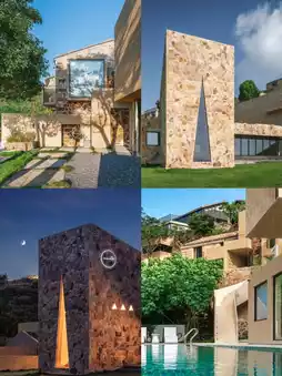 ▫️A group of yellow-brown stone houses built beside the mountain
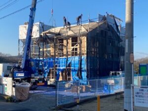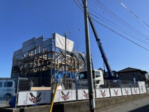 すがすがしい青空のもとM様邸の上棟が無事終わりました。
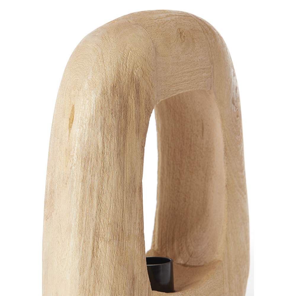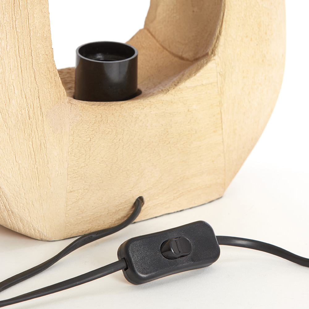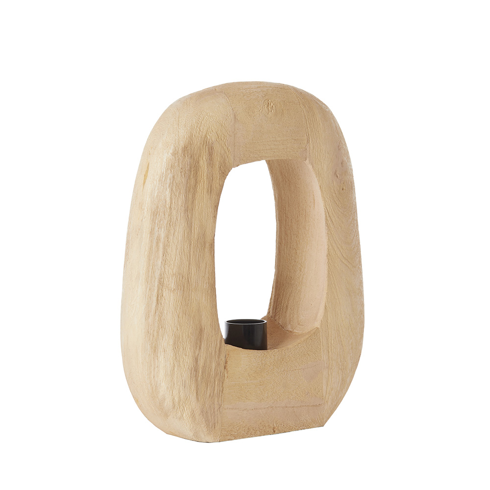Deze unieke lampvoet heeft een eigentijds ontwerp met een open, sculpturale vorm die een moderne uitstraling toevoegt aan je interieur. Gemaakt van licht hout, heeft het een organisch, natuurlijke afwerking die zowel tijdloos als verfijnd is. De opening in het midden van de voet geeft het een speelse en minimalistische uitstraling. De geïntegreerde kabel met schakelaar is praktisch en discreet geplaatst. Dit veelzijdige ontwerp past goed in een woonkamer, kantoor of slaapkamer, en creëert een sfeervolle verlichting.
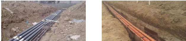 2、管沟基础垫层横截面大于管道300mm。
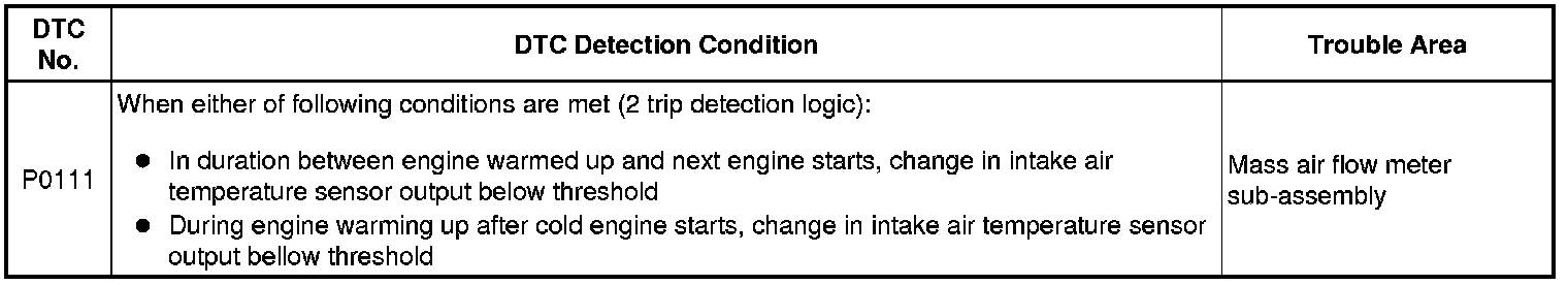 2ZR-FXE ENGINE CONTROL: SFI SYSTEM: P0111: Intake Air Temperature Sensor Gradient Too High
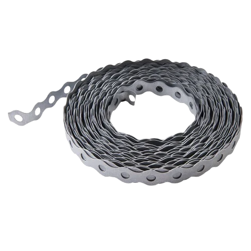 Strong galvanized fixing bands for securing pipes, cables, and conduits.
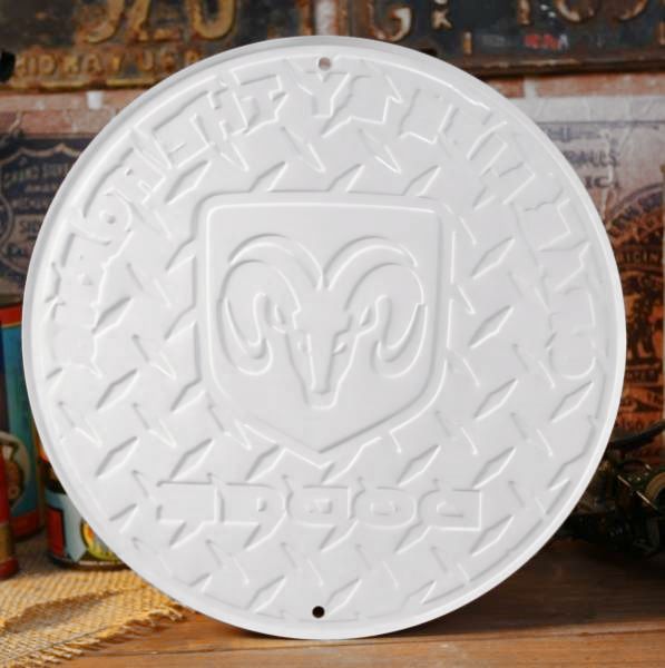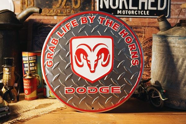 DODGE 羊ロゴ 丸型プレート ◆ ダッジ 鉄板風
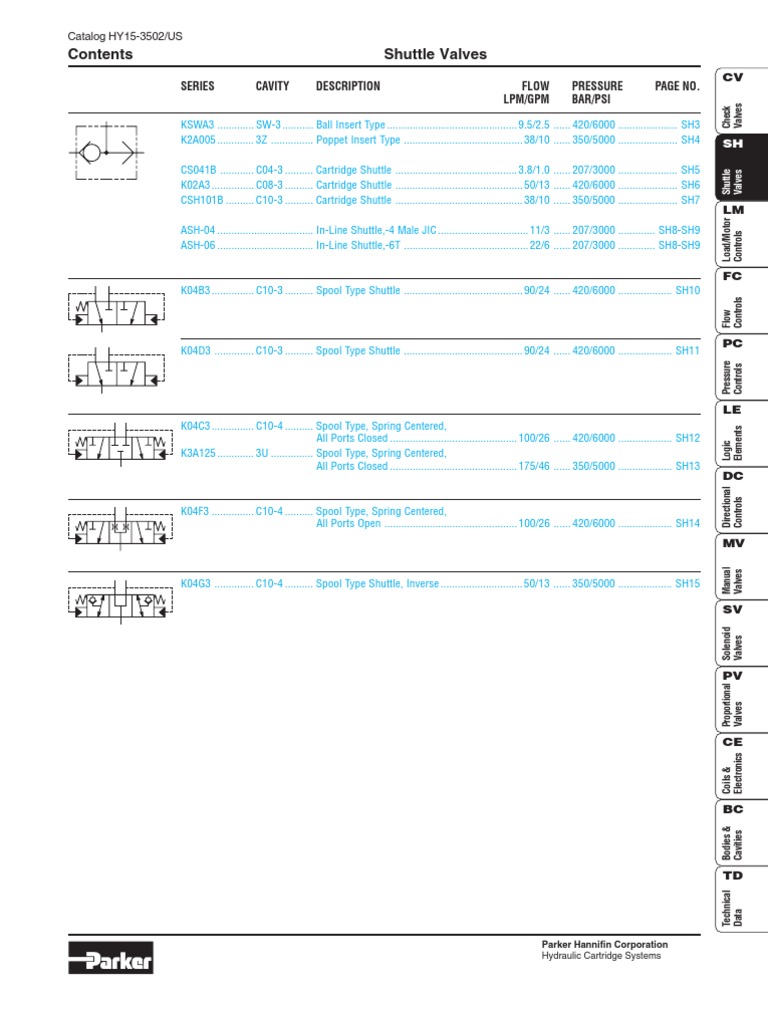 Shuttle Valves Catalog HY153502/US PDF Valve Viscosity
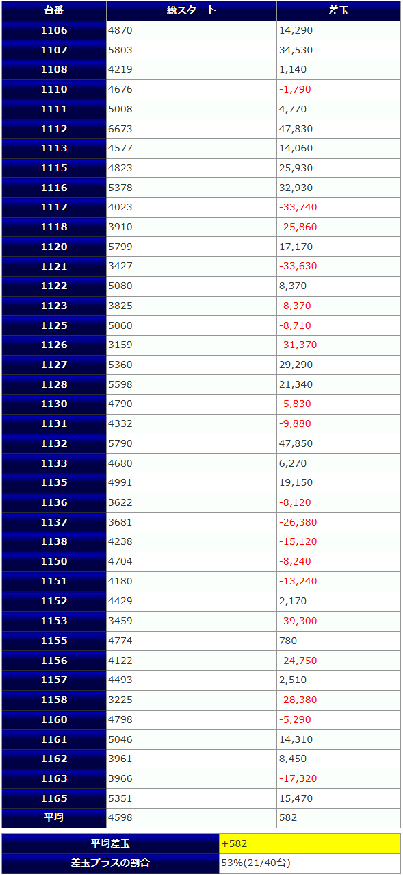 | 台あたりの平均差玉 | -1,089玉 |
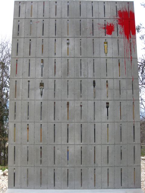 赤いペンキが印象的で、もしや、無言館に収められた画学生たちの筆か〜?と思ったのですが、そこまで大げさなものではなくて、現代の画学生の絵筆だそうな。確かに遺品とかだったら、風雨雪で傷むから、現実的ではないな。ペンキは、無言館の看板にペンキを塗られた事件が前にあって、いろいろな立場の人がいる中に建っているという意識のもと、復活させたそうだ。
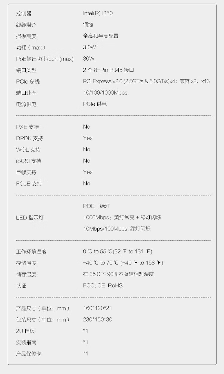 LR-LINK 联瑞PCIEx4千兆双/四电口PoE网卡基于Intel I350 芯片稳定可靠 (I350双口POE)LRES2002PT-POE
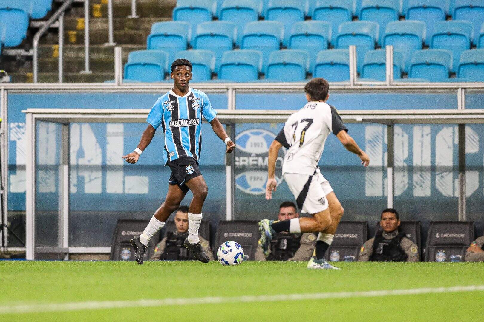 O Grêmio recebeu o Atlético-MG na noite dessa segunda-feira (13), na Arena, pelo jogo de ida da final do Brasileirão Sub-17, e venceu por 4 a 1, com gols de Lucca (2), Roger e João Borne. Mosquito descontou para o time mineiro. A partida teve a presença de cerca de sete mil torcedores.

************

§ EXERCISE: Pictures are to be omitted; otherwise, write out the data exactly as it appears.

§ EXERCISE RESPONSE:
 ▫️A group of yellow-brown stone houses built beside the mountain
 すがすがしい青空のもとM様邸の上棟が無事終わりました。
Deze unieke lampvoet heeft een eigentijds ontwerp met een open, sculpturale vorm die een moderne uitstraling toevoegt aan je interieur. Gemaakt van licht hout, heeft het een organisch, natuurlijke afwerking die zowel tijdloos als verfijnd is. De opening in het midden van de voet geeft het een speelse en minimalistische uitstraling. De geïntegreerde kabel met schakelaar is praktisch en discreet geplaatst. Dit veelzijdige ontwerp past goed in een woonkamer, kantoor of slaapkamer, en creëert een sfeervolle verlichting.
 2、管沟基础垫层横截面大于管道300mm。
 2ZR-FXE ENGINE CONTROL: SFI SYSTEM: P0111: Intake Air Temperature Sensor Gradient Too High
 Strong galvanized fixing bands for securing pipes, cables, and conduits.
 DODGE 羊ロゴ 丸型プレート ◆ ダッジ 鉄板風
 Shuttle Valves Catalog HY153502/US PDF Valve Viscosity
 | 台あたりの平均差玉 | -1,089玉 |
 赤いペンキが印象的で、もしや、無言館に収められた画学生たちの筆か〜?と思ったのですが、そこまで大げさなものではなくて、現代の画学生の絵筆だそうな。確かに遺品とかだったら、風雨雪で傷むから、現実的ではないな。ペンキは、無言館の看板にペンキを塗られた事件が前にあって、いろいろな立場の人がいる中に建っているという意識のもと、復活させたそうだ。
 LR-LINK 联瑞PCIEx4千兆双/四电口PoE网卡基于Intel I350 芯片稳定可靠 (I350双口POE)LRES2002PT-POE
 O Grêmio recebeu o Atlético-MG na noite dessa segunda-feira (13), na Arena, pelo jogo de ida da final do Brasileirão Sub-17, e venceu por 4 a 1, com gols de Lucca (2), Roger e João Borne. Mosquito descontou para o time mineiro. A partida teve a presença de cerca de sete mil torcedores.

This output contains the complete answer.